Problem to solve: Work through the listing below, copying each line that carries the word "Patruila".

Dataset records:
- Opening Delimiter -
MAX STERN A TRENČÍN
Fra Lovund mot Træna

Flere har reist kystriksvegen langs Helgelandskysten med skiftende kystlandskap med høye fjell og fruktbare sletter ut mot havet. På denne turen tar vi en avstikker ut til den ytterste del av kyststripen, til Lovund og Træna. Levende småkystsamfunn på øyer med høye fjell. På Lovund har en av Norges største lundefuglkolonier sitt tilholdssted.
- Closing Delimiter -
- Opening Delimiter -
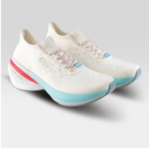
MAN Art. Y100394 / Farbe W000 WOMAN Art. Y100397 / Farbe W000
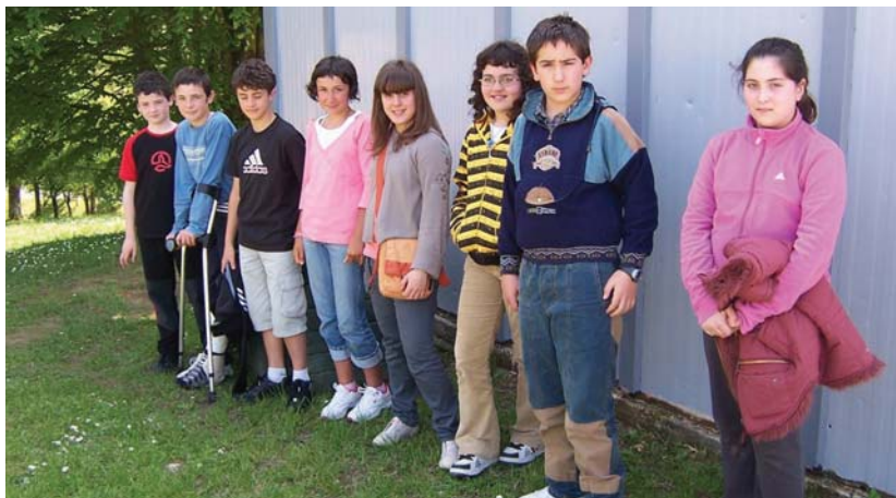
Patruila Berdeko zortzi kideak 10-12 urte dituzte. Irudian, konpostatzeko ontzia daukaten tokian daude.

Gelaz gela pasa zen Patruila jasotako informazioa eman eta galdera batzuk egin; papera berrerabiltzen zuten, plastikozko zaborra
- Closing Delimiter -
Reply to the task:
Patruila Berdeko zortzi kideak 10-12 urte dituzte. Irudian, konpostatzeko ontzia daukaten tokian daude.
Gelaz gela pasa zen Patruila jasotako informazioa eman eta galdera batzuk egin; papera berrerabiltzen zuten, plastikozko zaborra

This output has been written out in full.